We recommend the following contents for your repository (see the Nup84 repository for an example):

  • subdirectories containing your modeling protocol (generally one or more Python scripts), input files (e.g. PDB files, EM density maps, lists of crosslinks), and outputs (where possible, due to size; it may not be feasible to upload all of your output models, for example, but only cluster representatives).
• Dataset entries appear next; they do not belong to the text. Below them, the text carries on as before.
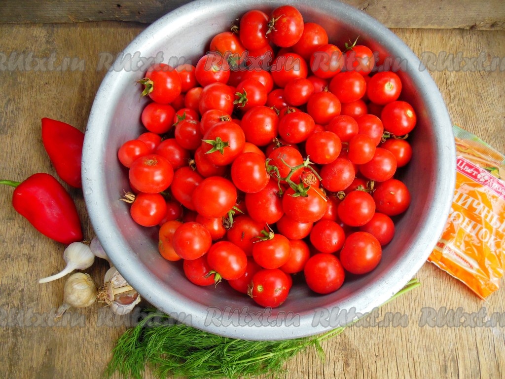 Помидоры промойте под проточной водой. Хвостики удалите (я всегда оставляю хвостики, с ними помидоры эффектно смотрятся на тарелке). Сладкий перец, не очищая от семян, нарежьте колечками, чеснок очистите и нарежьте на пластины, укроп промойте.
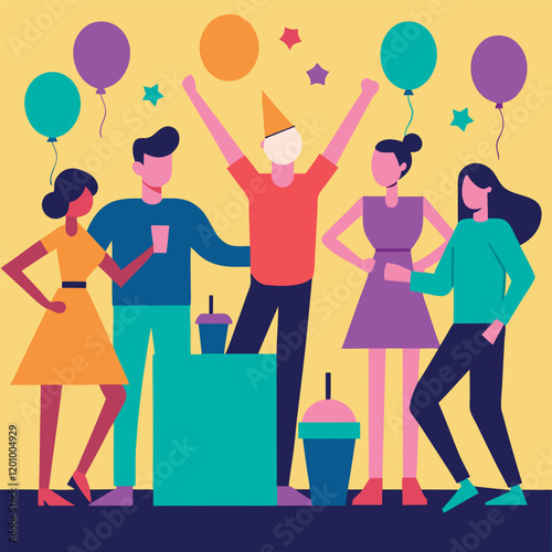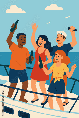 Dj prom party club vector background with happy people dancing illustration. Male disk jockey playing jockey mixing disco music tacks for clubbing group of man and woman
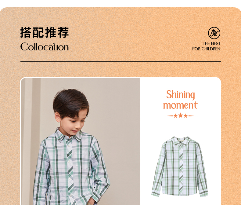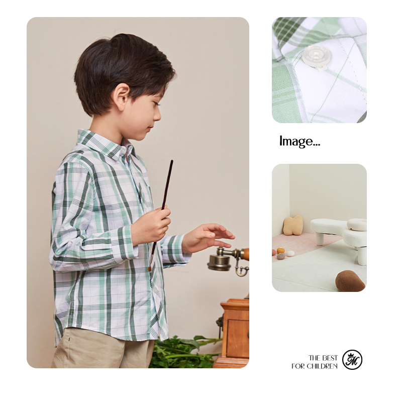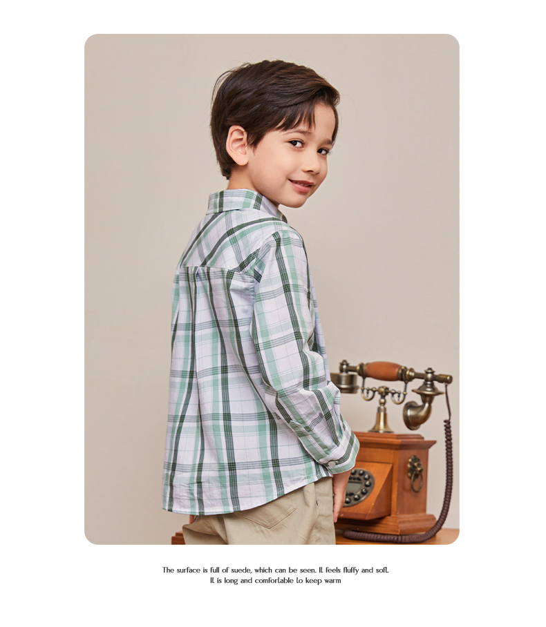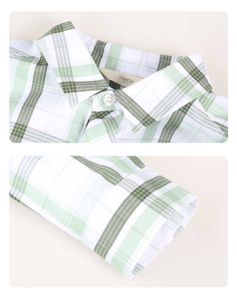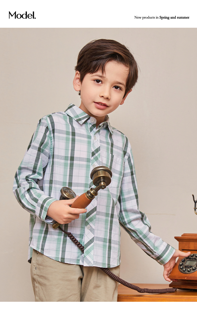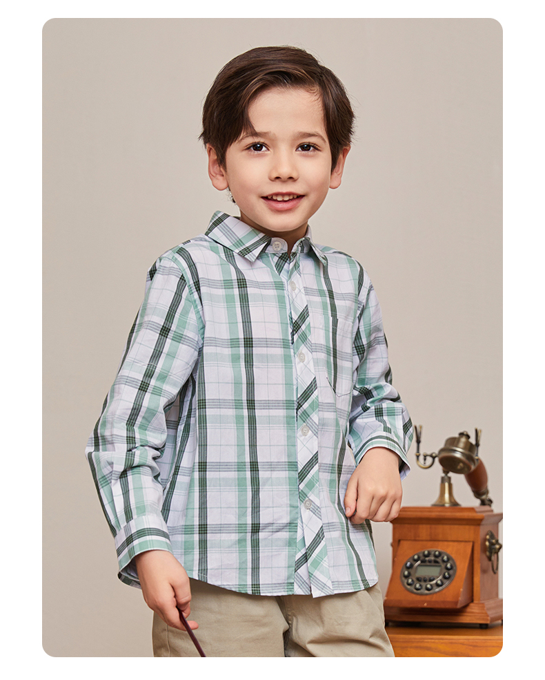 mettekids男童衬衫春秋新款儿童格子上衣童装中大童纯棉长袖衬衣

  • a top-level README.md file describing the system and explaining how to run the protocol.
  • a test directory containing one or more Python scripts with names starting with test. It should be possible to run these scripts without any "special" setup (e.g. they should not require any input arguments or environment variables, or use hard-coded paths). These scripts should run as much of your modeling protocol as possible, and ideally test the results (e.g. by comparing models against 'known good' clusters). Each script should simply exit with a non-zero exit code (e.g. by raising an exception) if something failed; one easy way to do this nicely is to use Python's unittest module. The tests should run in a "reasonable" amount of time (no more than 48 hours) on a single processor. If this is not enough time to run your entire protocol, run only a representative subset (e.g. the Nup84 modeling test passes a --test option to the modeling script, which has it perform fewer iterations of sampling).
  • to add your system to our list it will also need a metadata subdirectory (also contact us to let us know about it). This should contain two files:
    • thumb.png: a small image used to represent your system on the page.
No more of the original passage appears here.